World Bank Approves $1.25 Billion Loan for Nigeria, Nigerians Are Not Convinced
The World Bank has approved a $1.25 billion loan for Nigeria under its Nigeria Actions for Investment and Jobs Acceleration initiative, announced on Wednesday alongside the launch of a new Country Partnership Framework covering 2026 to 2032. The framework sets out how the Bank intends to direct its support over the next six years, with job creation, particularly private sector-led job creation, as the central priority.
The approval landed to a predictably mixed reception.
The Bank was careful to frame this around the macroeconomic progress Nigeria has made in recent years, rather than presenting the loan as a rescue package for a struggling economy.
"The recent macroeconomic gains have been critical to help stabilize the economy. Translating improved macroeconomic conditions into better living standards will require addressing the structural constraints to spur private sector investment and job creation," said Mathew Verghis, World Bank Country Director for Nigeria.
That last sentence is doing a lot of quiet work. It is an acknowledgement, diplomatically phrased, that stronger reserves and improved investor confidence are not the same thing as people having more money or better jobs. The Bank is essentially saying: the foundation is better now, but the house has not been built yet.
The World Bank Nigeria loan framework also cites boosted economic growth and improved external reserves as evidence that Nigeria's recent reforms are working. The Bank used that foundation to justify deepening its engagement rather than pulling back.
Many Nigerians responding to news of the World Bank Nigeria $1.25 billion loan in 2026 made the same basic argument: previous borrowing has not visibly improved their quality of life. That argument is not unfair. Nigeria's debt stock has grown significantly over the past decade, and the lived experience of millions of citizens has not improved in proportion to the financing that was supposedly enabling development.
There is a real tension here that no press release fully resolves. The World Bank can point to macroeconomic stabilisation. Critics can point to 140 million Nigerians below the poverty line. Both are true at the same time, and that is the uncomfortable place this conversation always ends up.
The comparison to IMF advice that circulated just weeks ago is also probably on people's minds. The memory of Structural Adjustment, the privatisations, the currency devaluations, the suffering that followed decades of conditionality-driven borrowing, sits close to the surface whenever international financial institutions announce new packages for Nigeria. That history does not make every loan wrong. But it does mean the burden of proof runs higher than the announcement itself can satisfy.
To be fair to the substance of what was announced, the Country Partnership Framework is not just a loan instrument. It is a six-year strategy document that is supposed to shape how World Bank Group support is deployed across Nigeria, with a stated emphasis on enabling private sector growth rather than simply channelling money through government programmes.

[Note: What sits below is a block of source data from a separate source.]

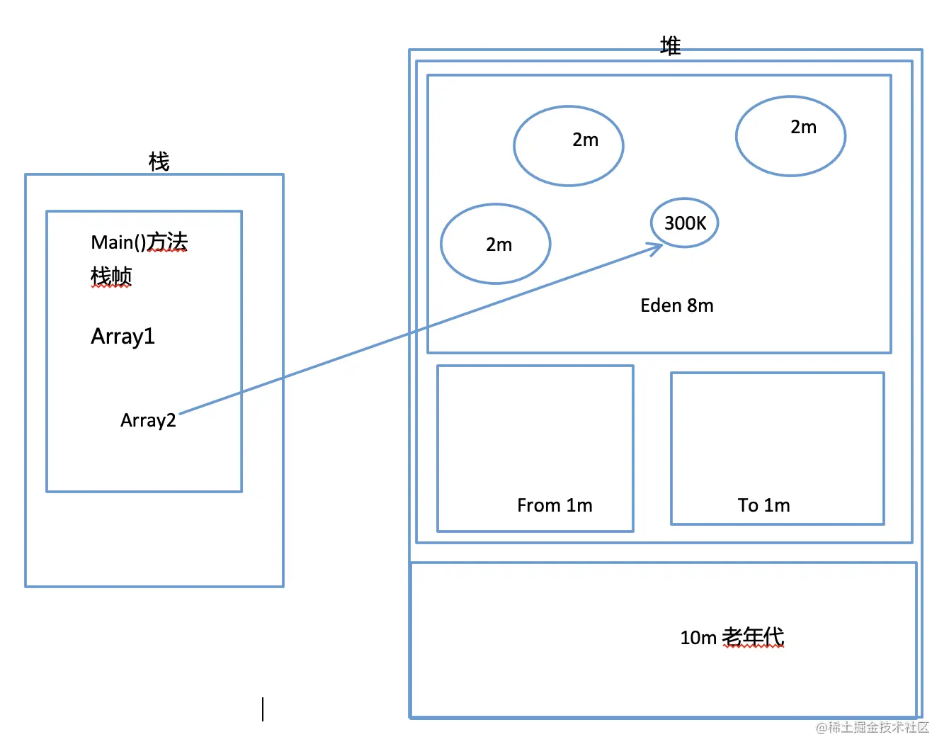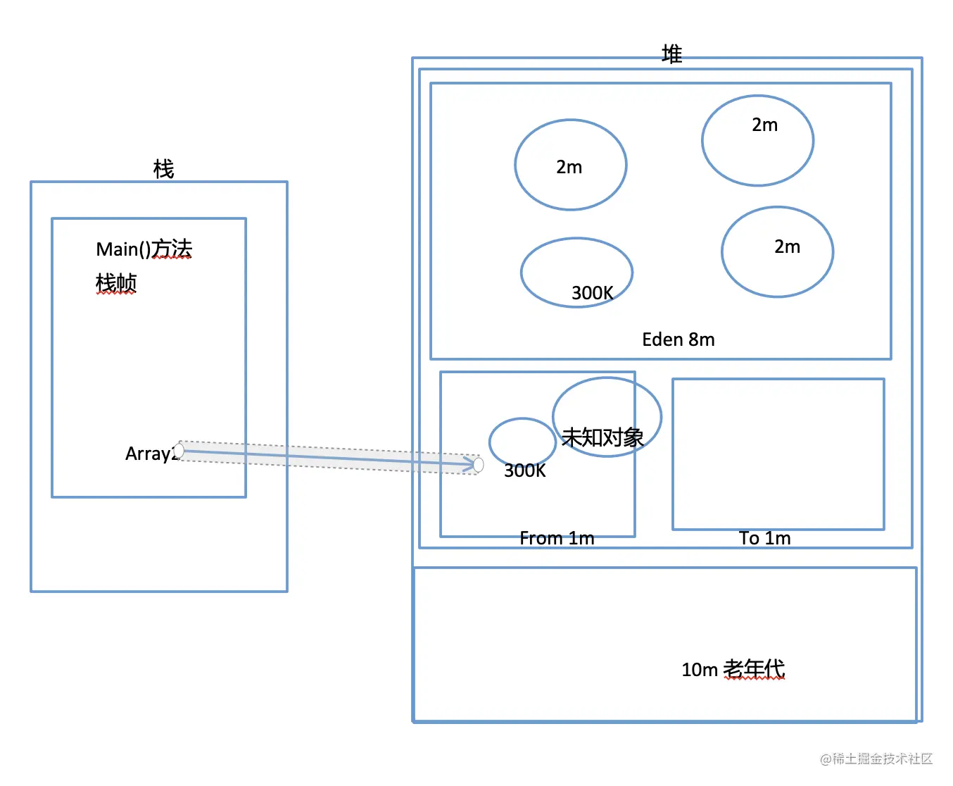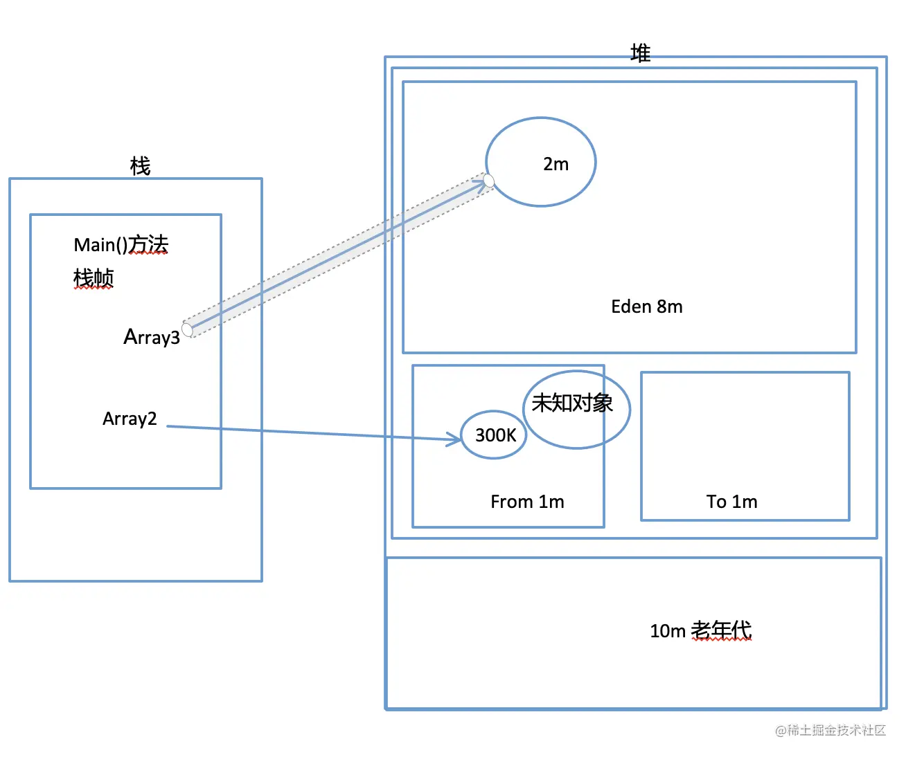 现在连续分配了3个2M的对象,和1个300K的对象,最后还把array1置为null。此时的堆图应该是这样子的
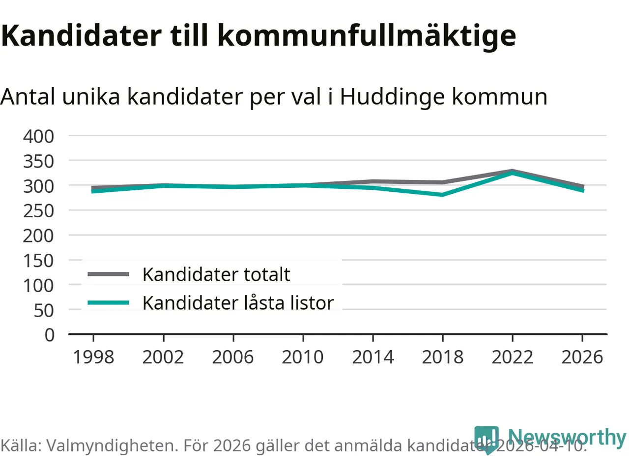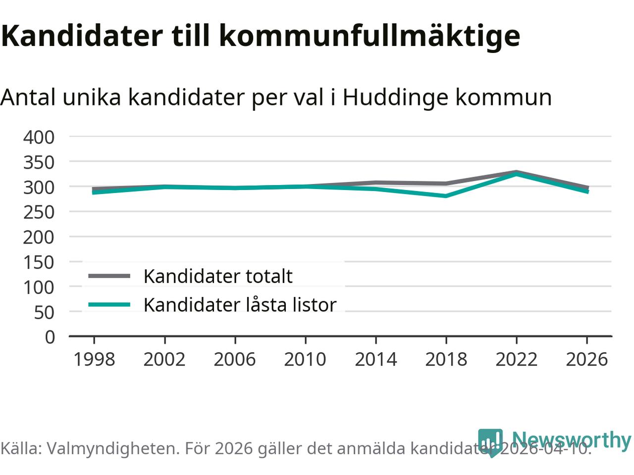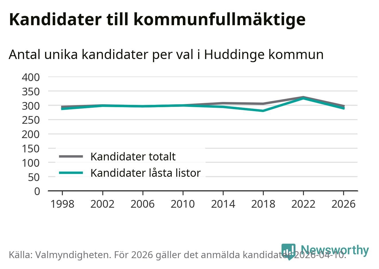 På torsdagen var det deadline för partier med låsta listor att registrera sina kandidater inför höstens val. Till valet till kommunfullmäktige i Huddinge är 289 kandidater anmälda på sådana listor, vilket är 35 färre än i valet 2022.
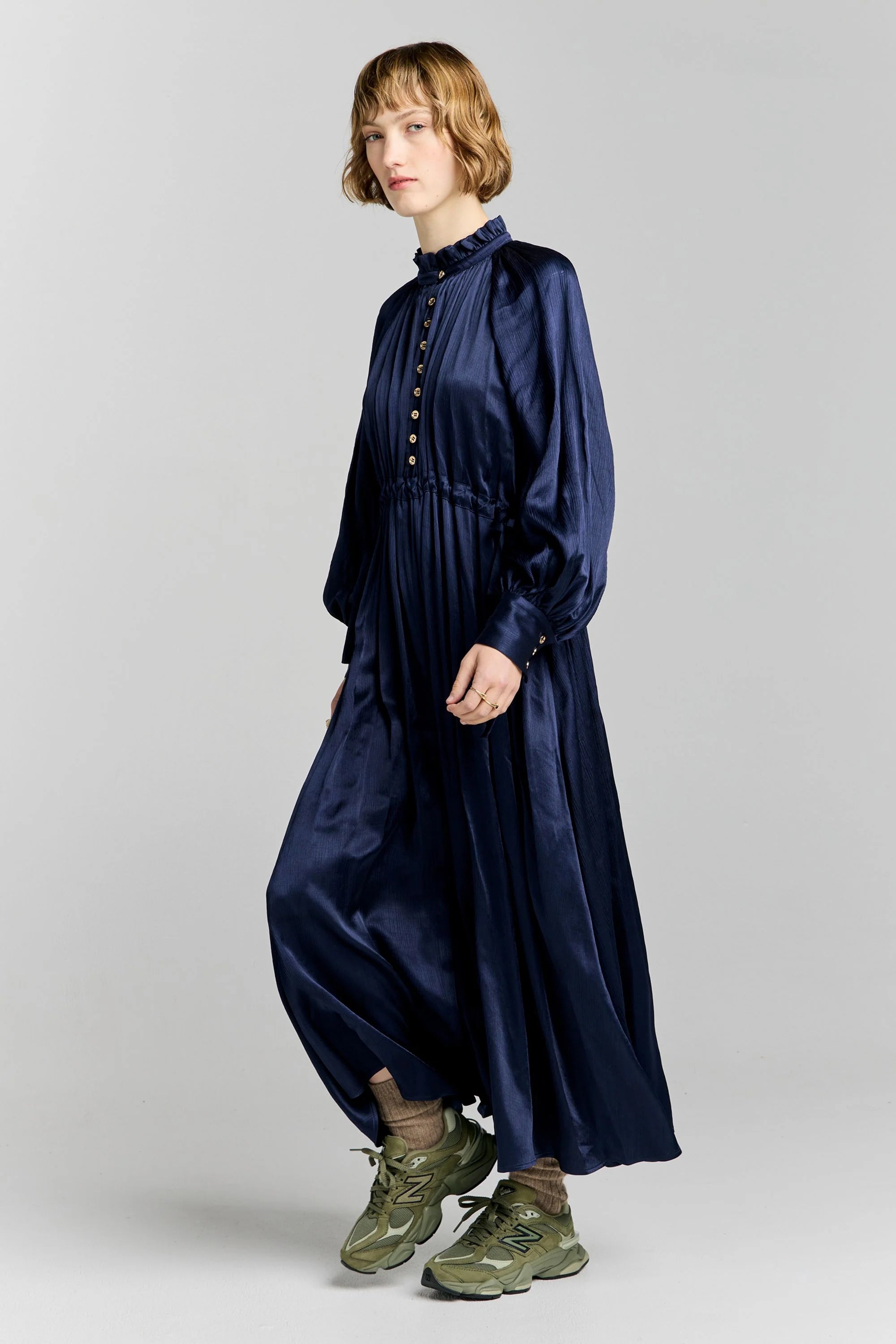 The Deluge Dress brings floor-grazing elegance in luminous crinkle satin. With a long, flowing silhouette that drapes beautifully, this dress moves gracefully with every step. Understated detailing allows the fabric’s natural sheen and texture to shine, making it the perfect option for occasions where ease and polish are equally important.
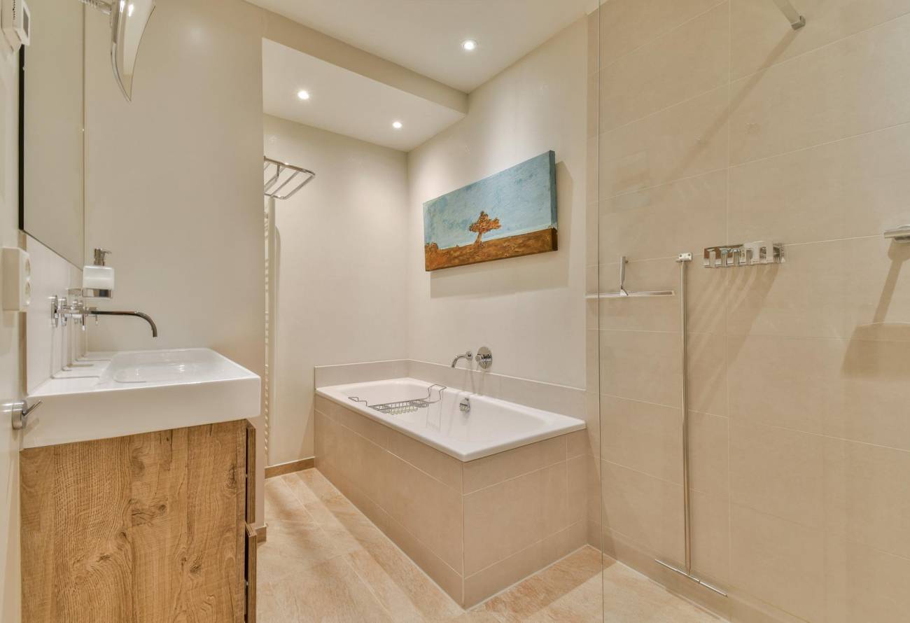 De 2e badkamer is eveneens gelegen op de begane grond en is v.v. een ligbad, dubbele wastafel in meubel en een inloopdouche.
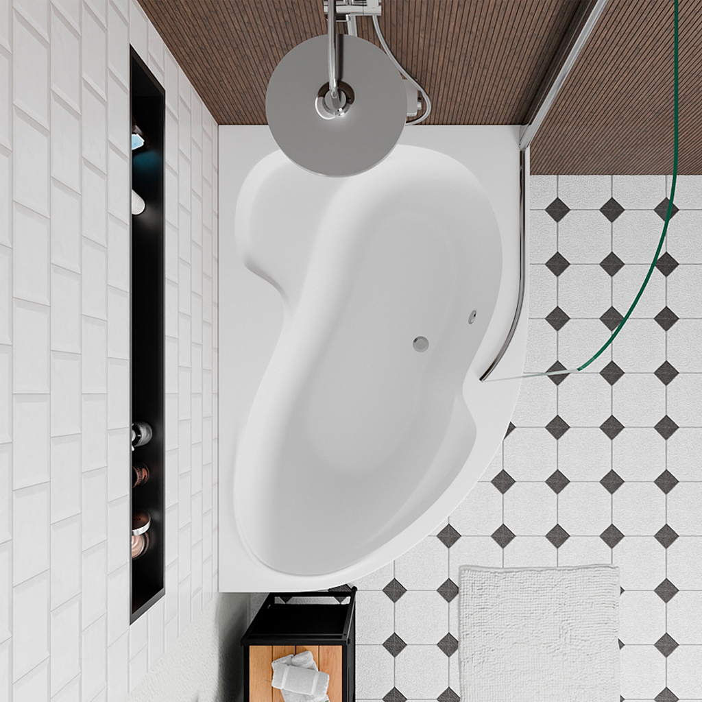 - Siko Laguna Fortuna Plus 150x100 cm Baignoire asymétrique en acrylique, droite, Blanc (FO1500PPLUS)
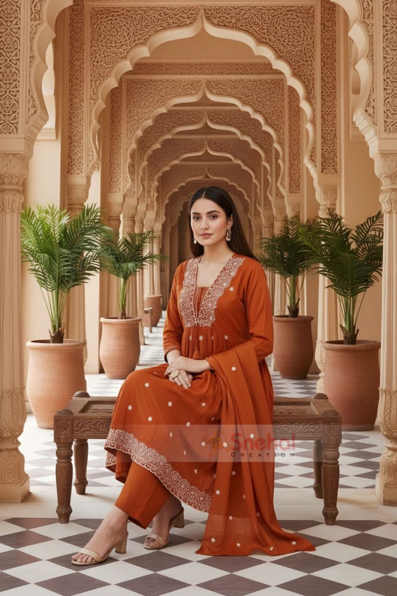 - 3-Piece Set: Flared Kurta, Pant and Dupatta

"Our new Country Partnership Framework provides the strategy for how the World Bank Group will support Nigeria over the coming years, with a strong focus on helping to create more and better jobs, particularly by enabling private sector-led growth," Verghis said.
The private sector framing matters because it signals an intent to move away from models where donor money flows into government budgets and then becomes harder to trace. If the framework holds to that intent, the theory is that financing goes toward removing the structural barriers that prevent businesses from growing and hiring, rather than subsidising state expenditure.
Whether it works depends on implementation, governance, and whether the structural barriers being targeted are the real ones or the convenient ones. Those are not things any press release can answer.